Другой раз мы (кафедра) помогали Завалишиным в их переезде на дачу. Нина Филипповна была уже тяжко больна. Она спускалась с лестницы об руку с Дарьей Степановной, осторожно ставя одну ногу вслед другой. Подскочил Спивак, поднял ее как перышко, усадил в машину. Она его даже не поблагодарила — витала где-то поверх всего. Именно по этому выпадению привычной, автоматической вежливости было видно, как она безнадежно больна. Она сидела впереди, рядом с шофером. Николай Николаевич сел сзади. «Ну, ехать, что ли? — спросил шофер. — А то канителимся битых два часа». Нина Филипповна как-то забеспокоилась: «Нет, подождите еще одну минуту». Она подозвала меня знаком руки. Я подошла. «Нет, ниже нагнитесь, ниже». Я нагнулась. «Не забывайте его, — сказала она шепотом, — он очень одинок». Я не знала, что ответить, кивнула. Больше я ее живой не видела — только в гробу.
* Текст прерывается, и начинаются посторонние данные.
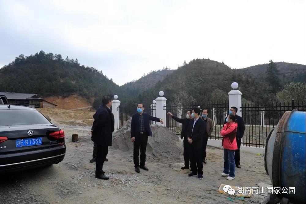 2月27日上午,湖南南山国家公园管理局党委委员、副局长周建宏,党委委员、副局长苏海,党委委员、副局长兼纪委书记黄俊玲和管理局规划处等相关处室、单位主要负责人,深入试点区重点项目建设现场,专题调度项目建设开复工情况。周建宏强调,要按照中央和省、市部署要求,在全力以赴做好疫情防控的同时,大力支持、有序推动重点项目开复工,对受疫情影响,任务进度滞后的项目,各处室、单位、相关的施工、监理部门要切实提高认识,思想上高度重视按时完成既定建设项目目标的重要性,科学调度,统筹安排,确保完成年度目标任务。

Читая личные записи Энэна и постоянно встречая в них имя Нина, я поначалу не сомневалась, что речь идет именно о Нине Филипповне. Разговор с Ниной по телефону меня смутил. Либо Энэн галлюцинировал, либо это была какая-то другая женщина… Постепенно с какой-то томящей тяжестью в душе я стала догадываться — речь идет обо мне… Какая нелепость!

Я перечитывала записи — да, скорее всего, именно так. Бедный прелестный старик, потерявший всех, именно на мне остановил свою душу. Почему на мне? Неужели из-за имени? Это долгое "и" в слове «Нина»…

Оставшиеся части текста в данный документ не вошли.